=== Exercise details ===
Using the data below, print exactly the line with "Christian Louboutin Lady Bow $735.00", the line with "Harrisonville High School", and every line between them, but none of the pictures.

=== Data to process ===
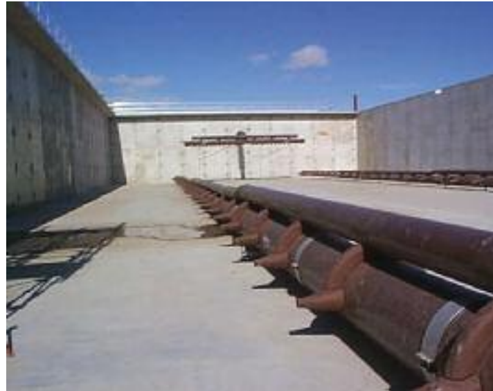
VARI-CANT® Jet Aeration System installed in OMNIFLO® SBR
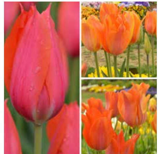
Spring Embers (above): 'Temple of Beauty' 'Temple's Favorite' and 'El Nino.' Spring Peonies (left): 'Angelique,' 'Orange Angelique,' 'Wedding Gift,' 'Mount Tacoma.' Spring Awakening (right) a Viridiflora tulip collection

NHG Spring Peonies: Not many things say 'spring' like these luscious, peony-shaped flowers. This collection is soft, sweet and elegant in shades of pink, rose, white and peach. You'll wish spring would never end when these beauties are gracing your landscape. This show-stopping blend comes with 100 bulbs per bag. Make sure you select your favorites early! And remember—when you purchase $100 or more on bulbs, we'll store them at the proper temperature for free and call you when it's time to plant!
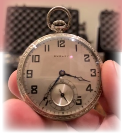
One of several examples of the front dial
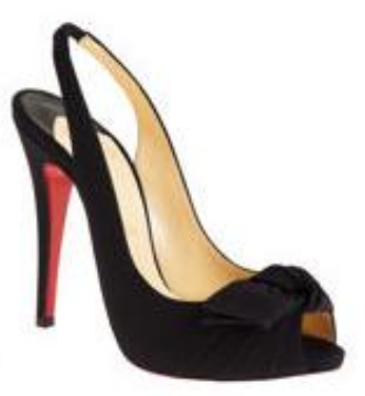
Christian Louboutin Lady Bow $735.00
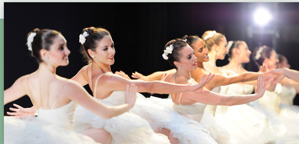
San Francisco Ballet in Balanchine's Symphony In C // Choreography by George Balanchine © The Balanchine Trust
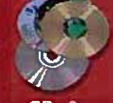
CDs & CD cases
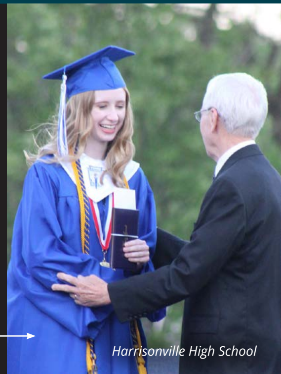
Harrisonville High School

In 2018, Cass Community Health Foundation awarded $30,000 in scholarships to 25 high school seniors from the Cass County and Grandview area who are pursuing careers in health care.
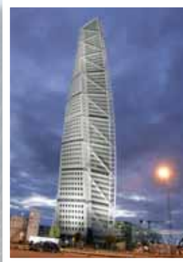
Turning Torso, a 190 m tall building for residents.

=== Reply ===
Christian Louboutin Lady Bow $735.00
San Francisco Ballet in Balanchine's Symphony In C // Choreography by George Balanchine © The Balanchine Trust
CDs & CD cases
Harrisonville High School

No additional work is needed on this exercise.